A typical payload for testing for XSS is:

<script>alert(1)</script>

If the webpage does not sanitize the payload, the alert(1) causes the webpage to open a dialog with the contents 1 which is easily noticed by the tester.

Types

Stored XSS

Stored XSS (also known as Persistent XSS) occurs when an attacker makes the server save the payload to a database or file.

For example, Alice could post a new status update on a social media site or set her profile description to Enjoying watching a movie right now <script>alert(1)</script>. If the webpage is vulnerable, the payload will trigger an alert dialog to open whenever Bob or anyone visits the page. The attacker (Alice) could potentially use a payload that sends the victim's session token to their website, allowing the attacker to pwn the victim's account.

This type tends to be more dangerous, because many users visit the webpage with the exploit often, without having to click a link. It requires minimal to no user interaction.

Reflected XSS

Reflected XSS (also known as Non-Persistent XSS) occurs when a webpage parses the user's input and displays a webpage of results without sanitizing the output.

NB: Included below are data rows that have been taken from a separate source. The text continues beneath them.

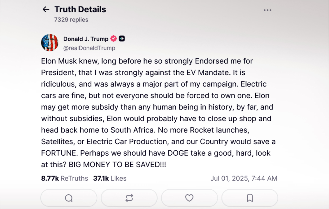 «Ο Έλον Μασκ γνώριζε, πολύ πριν με υποστηρίξει για Πρόεδρο, ότι ήμουν σθεναρά αντίθετος στα EV. Είναι γελοίο και αποτελούσε πάντα σημαντικό μέρος της προεκλογικής μου εκστρατείας. Τα ηλεκτρικά αυτοκίνητα είναι μια χαρά, αλλά δεν πρέπει να υποχρεώνονται όλοι να έχουν ένα. Ο Έλον μπορεί να παίρνει τις περισσότερες επιδοτήσεις από οποιονδήποτε άνθρωπο στην ιστορία, μακράν, και χωρίς επιδοτήσεις, ο Έλον πιθανότατα θα έπρεπε να κλείσει το μαγαζί και να επιστρέψει στη Νότια Αφρική. Τέρμα οι εκτοξεύσεις πυραύλων, οι δορυφόροι ή η παραγωγή ηλεκτρικών αυτοκινήτων, και η χώρα μας θα εξοικονομούσε ένα ΤΕΡΑΣΤΙΟ ΠΟΣΟ. Ίσως θα έπρεπε να βάλουμε την DOGE να ρίξει μια καλή, σκληρή ματιά σε αυτό; ΠΟΛΛΑ ΧΡΉΜΑΤΑ ΘΑ ΕΞΟΙΚΟΝΟΜΗΘΟΎΝ!!!», έγραψε στο Truth Social με την ανάρτηση να γίνεται viral.
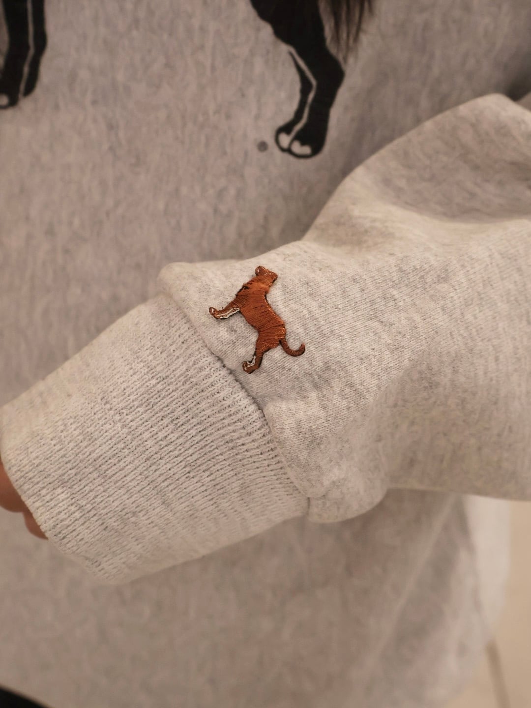 袖にある刺繍ワッペンもポイント。ゆったりしているので、ロングワンピースの上から着たり、レディな合わせでもオススメしたいアイテム。是非◎
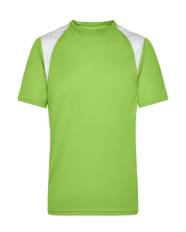100% poliestere. T-shirt maniche corte, tessuto leggero e comodo, regola l’umidità, ad asciugatura rapida. Cuciture piatte, bordini e transfer riflettenti, struttura con cuciture laterali, spalle con dettagli in contrasto.
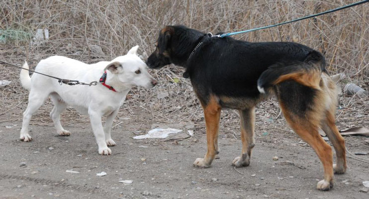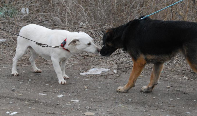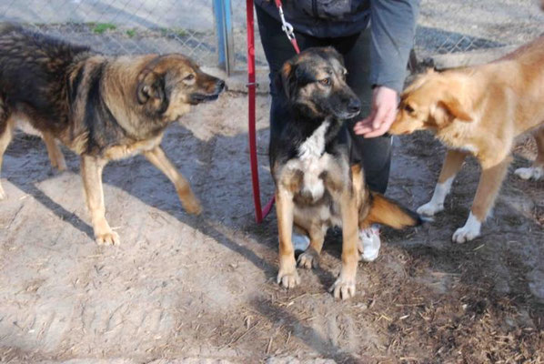 Raffy lebt friedlich in einer gemischten Hundegruppe, in dem er sich eher etwas zurückhaltend zeigt. Das liegt vielleicht auch daran, dass es in der Gruppe zwei Hündinnen gibt, die recht wild sind und damit etwas im Vordergrund stehen.

If Alice searched for <script>alert(1)</script> on some search engine and a page of results came up, the title could be something like Search results for "<script>alert(1)</script>". Since the title wasn't sanitized, the payload would be executed. If the payload could be put in the URL like http://searchengine.com/search/?query=<script>alert(1)</script>, then the attacker could simply send the URL to a victim, or make an iframe on their site that loads the page that executes the payload.

Because this type requires the user to either visit the attacker's website or click on a URL, this type isn't as catastrophic as Stored XSS.

Self XSS

Self XSS is technically not a vulnerability, but it could have the same consequences of other types of XSS if properly done. It relies on social engineering to be performed.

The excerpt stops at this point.